Я играю во вращающиеся тарелки. Я вращаю боксерскую пластину. Я кручу тарелку для тхэквондо. Я кручу тарелку для джиу-джитсу. Кручу пластину для вольной борьбы. Я вращаю пластину для карате. Если бы я поставил их все и закрутил одну боксерскую пластину, это было бы похоже на груз с моих плеч.
Я чувствую, что достаточно силен, чтобы мне не нужно было ничего делать, чтобы включить мяч. Когда я это делаю — когда я готов взять мяч в центр, когда я готов пойти другим путем — тогда я могу включить мяч.
Когда мяч попадал в цель, моей первой реакцией как шорт-стопа всегда было идти в направлении мяча. Вы не можете сделать это на первой базе. Вы заходите слишком далеко в этом направлении, и трудно вернуться назад и быть готовым выбрать бросок.
Когда я был совсем маленьким, я сидел на заднем сиденье папиной машины, когда он играл музыку старой школы. Он выключал музыку и оборачивался, а я пела и знала все слова, но я даже не знала, как говорить. С тех пор я всегда хотел быть певцом.
Менять направление крупной компании все равно, что пытаться перевернуть авианосец. Проходит миля, прежде чем что-то происходит. А если это был неверный поворот, возвращение на курс занимает еще больше времени.
Я переворачиваю предложения. Это моя жизнь. Я пишу предложение, а затем переворачиваю его. Потом смотрю на него и снова переворачиваю. Затем я обедаю. Затем я возвращаюсь и пишу еще одно предложение. Затем я пью чай и переворачиваю новое предложение. Затем я перечитываю два предложения и переворачиваю их оба. Потом ложусь на диван и думаю. Затем я встаю, выбрасываю их и начинаю сначала.
Я нахожу мяч и думаю: «Куда он летит и куда мне нужно идти?» Это просто возвращает меня в игру, и это самая простая вещь, но она стала чем-то вроде моей футбольной мантры. Я просто использую мяч как точку фокусировки и возвращаюсь в исходное положение, отвлекающие мысли исчезают, и я снова в игре.
Кошки слишком независимы. Они бесят меня. Они играют, когда хотят, а потом отворачиваются от вас. Собаки, вы бросаете мяч, а они возвращают его, высунув язык и виляя хвостом. Кошки такие: «Не сейчас, слишком занят». Определенно человек-собака. Кроме тех случаев, когда дело доходит до уборки за ними! Кошки выигрывают!
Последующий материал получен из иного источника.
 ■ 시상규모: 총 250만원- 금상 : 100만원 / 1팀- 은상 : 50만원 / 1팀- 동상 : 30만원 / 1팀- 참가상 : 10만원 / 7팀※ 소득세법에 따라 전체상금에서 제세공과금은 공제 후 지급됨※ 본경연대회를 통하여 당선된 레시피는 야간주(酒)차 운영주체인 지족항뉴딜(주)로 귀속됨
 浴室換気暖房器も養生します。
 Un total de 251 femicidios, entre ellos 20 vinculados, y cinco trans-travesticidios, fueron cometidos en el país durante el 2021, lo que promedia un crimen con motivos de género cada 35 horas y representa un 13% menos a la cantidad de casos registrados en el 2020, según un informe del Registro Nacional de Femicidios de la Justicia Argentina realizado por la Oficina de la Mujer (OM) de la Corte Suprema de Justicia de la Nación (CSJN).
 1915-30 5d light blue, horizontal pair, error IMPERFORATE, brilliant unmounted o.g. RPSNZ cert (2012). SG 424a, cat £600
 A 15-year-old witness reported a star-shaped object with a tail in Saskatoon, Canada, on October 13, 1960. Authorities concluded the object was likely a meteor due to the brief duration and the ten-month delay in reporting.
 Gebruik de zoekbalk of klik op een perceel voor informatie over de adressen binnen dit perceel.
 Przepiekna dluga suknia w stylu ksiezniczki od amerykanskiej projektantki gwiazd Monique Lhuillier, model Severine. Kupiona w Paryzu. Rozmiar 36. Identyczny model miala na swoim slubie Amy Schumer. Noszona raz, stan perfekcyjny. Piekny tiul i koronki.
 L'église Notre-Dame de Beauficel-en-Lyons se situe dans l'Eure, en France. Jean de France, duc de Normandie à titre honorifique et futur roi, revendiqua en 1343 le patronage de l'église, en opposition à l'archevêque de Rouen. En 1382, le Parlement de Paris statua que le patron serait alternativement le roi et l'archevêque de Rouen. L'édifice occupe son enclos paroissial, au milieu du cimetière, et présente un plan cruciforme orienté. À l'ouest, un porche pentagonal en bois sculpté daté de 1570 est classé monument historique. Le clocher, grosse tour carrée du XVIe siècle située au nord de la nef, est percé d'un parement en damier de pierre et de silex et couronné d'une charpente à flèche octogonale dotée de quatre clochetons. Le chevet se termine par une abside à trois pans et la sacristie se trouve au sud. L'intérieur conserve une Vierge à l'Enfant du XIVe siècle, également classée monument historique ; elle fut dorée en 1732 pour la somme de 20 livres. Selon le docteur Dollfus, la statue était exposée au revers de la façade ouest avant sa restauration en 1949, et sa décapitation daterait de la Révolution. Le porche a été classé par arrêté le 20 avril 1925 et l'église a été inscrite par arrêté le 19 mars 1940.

Некоторые комики, с которыми вы работаете, включаются только тогда, когда включается камера, и ведут себя как грустные клоуны, когда камера выключена. А потом они оживают, когда включается камера. И ты такой: «О, черт. Ты не депрессивный клубок депрессии, но ты на самом деле забавный».
Мир времени, пространства и состояния, удовольствия и боли, рождения, роста, созревания, распада и смерти, вращение, вращение, вращение этого мира, всегда вращение.
На мой взгляд, кажется, что музыка принимает какой-то оборот. Посмотрите на Mumford and Sons и Lumineers. Кажется, люди и меломаны наслаждаются более художественной стороной музыки, и что популярная музыка меняет направление и принимает это, так что я ценю это.
Я думаю, что химия на самом деле о двух людях, которым нравится действовать вместе. Это как теннис в самом избитом смысле. Это как если ты ударишь по мячу, они отбивают мяч обратно, и они не бьют его по трибунам, и они не кладут мяч в карман и уходят - и они не спорят с судьей, ты знаешь?
Когда я впервые начал писать, это было через музыку. Я придумывал идеи для песен, которые затем превращались в рассказы, а затем в романы. Я был предвзят к музыке.
Это то, что я пытаюсь делать с музыкой: использовать любую энергию, которая уже есть, и посмотреть, куда меня приведет этот импульс. Иногда вы крутите этот встречный импульс в другом направлении, иногда вы принуждаете его думать о себе, а иногда вы держите его перед зеркалом. Но я не очень люблю прерывать и приходить, все разрушать и начинать все сначала. Я не такой парень.
Я всегда вбрасывал мяч, потому что тогда, если я возвращал мяч, я был единственным незамеченным игроком.
Когда-то музыка имитировала жизнь. Теперь все наоборот: жизнь имитирует музыку. Что бы ни говорили рэперы, люди думают, что такими мы и должны быть; но тогда мы смотрели на улицы и писали для этого музыку.